[DATA SHOWN Boundary: Start]
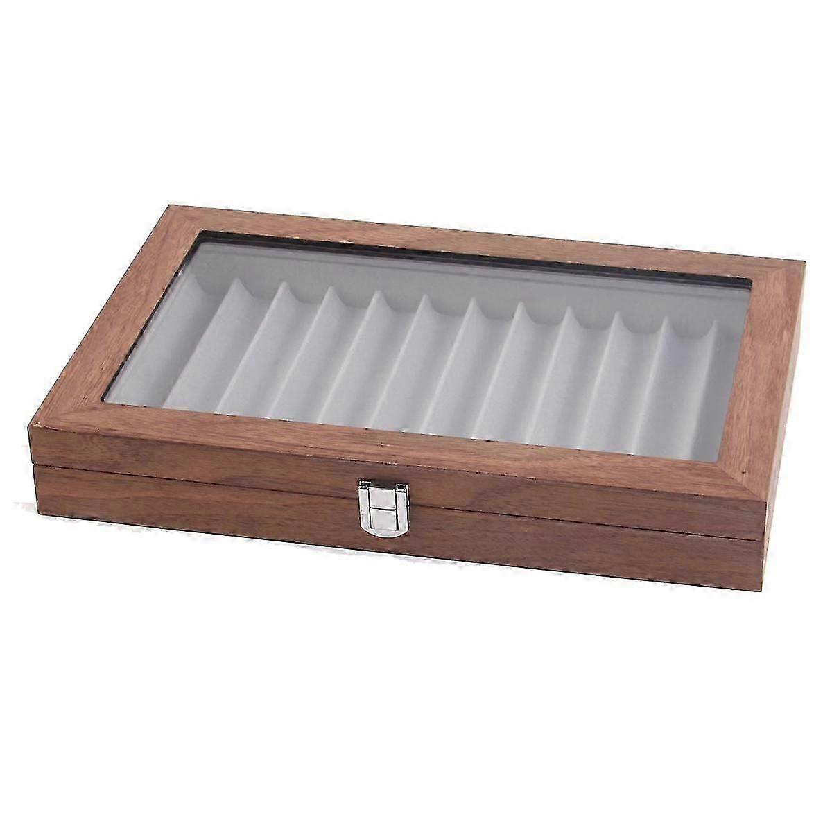 12 Grid Walnut Pen Storage Holder Pen Case Wear-Display Student Gift Anti Dust- Fountain Box Pen-
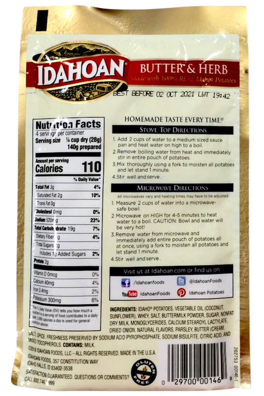아이다호안 Idahoan 글루텐-프리 버터 & 허브 매시드 포테이토 113g 2ct (226g)
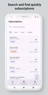 "Subscription Renewal Tracker" izceļas ar modernu un intuitīvu Material 3 dizainu, kas nodrošina patīkamu lietošanas pieredzi ar tumšajām un gaišajām tēmām. Neatkarīgi no ierīces, lietotne pielāgojas nevainojami, piedāvājot plūstošas animācijas un izcilu veiktspēju. Meklējiet un filtrējiet abonementus pēc statusa (aktīvs, apturēts, atcelts), lai ātri atrastu nepieciešamo informāciju. Jūsu dati tiek glabāti lokāli un ir pilnībā jūsu kontrolē, ar iespēju veikt Google Drive dublējumus vai eksportēt informāciju dažādos formātos. Aizmirstiet par finansiālu stresu un nepatīkamiem pārsteigumiem – pārņemiet kontroli pār saviem abonementiem jau šodien ar "Subscription Renewal Tracker".
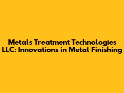 Metals Treatment Technologies LLC: Innovations In Metal Finishing
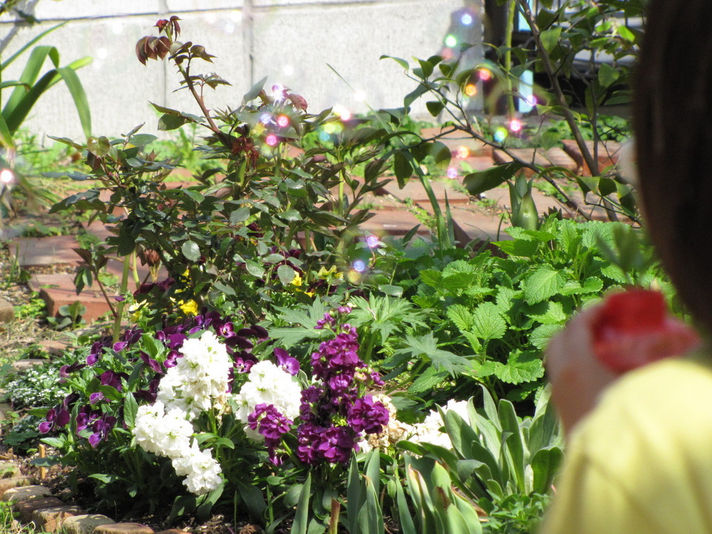 とても暖かい(暑い?)日でしたので、久々のシャボン玉遊びになりました♪ バラの新芽もシャボン玉でキラキラのお化粧をしてもらっています^^
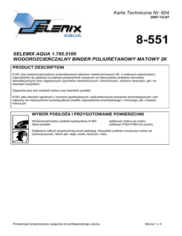 Karta Techniczna Nr: 604 SELEMIX AQUA 1.785
[DATA SHOWN Boundary: End]
__WHAT TO WORK ON__. Among the entries above, locate the line with "아이다호안 Idahoan 글루텐-프리" and the line with "とても暖かい(暑い?)日でし". Give those two lines and all lines between them again, exactly, leaving out the pictures.

__SOLVED PROBLEM__.
아이다호안 Idahoan 글루텐-프리 버터 & 허브 매시드 포테이토 113g 2ct (226g)
 "Subscription Renewal Tracker" izceļas ar modernu un intuitīvu Material 3 dizainu, kas nodrošina patīkamu lietošanas pieredzi ar tumšajām un gaišajām tēmām. Neatkarīgi no ierīces, lietotne pielāgojas nevainojami, piedāvājot plūstošas animācijas un izcilu veiktspēju. Meklējiet un filtrējiet abonementus pēc statusa (aktīvs, apturēts, atcelts), lai ātri atrastu nepieciešamo informāciju. Jūsu dati tiek glabāti lokāli un ir pilnībā jūsu kontrolē, ar iespēju veikt Google Drive dublējumus vai eksportēt informāciju dažādos formātos. Aizmirstiet par finansiālu stresu un nepatīkamiem pārsteigumiem – pārņemiet kontroli pār saviem abonementiem jau šodien ar "Subscription Renewal Tracker".
 Metals Treatment Technologies LLC: Innovations In Metal Finishing
 とても暖かい(暑い?)日でしたので、久々のシャボン玉遊びになりました♪ バラの新芽もシャボン玉でキラキラのお化粧をしてもらっています^^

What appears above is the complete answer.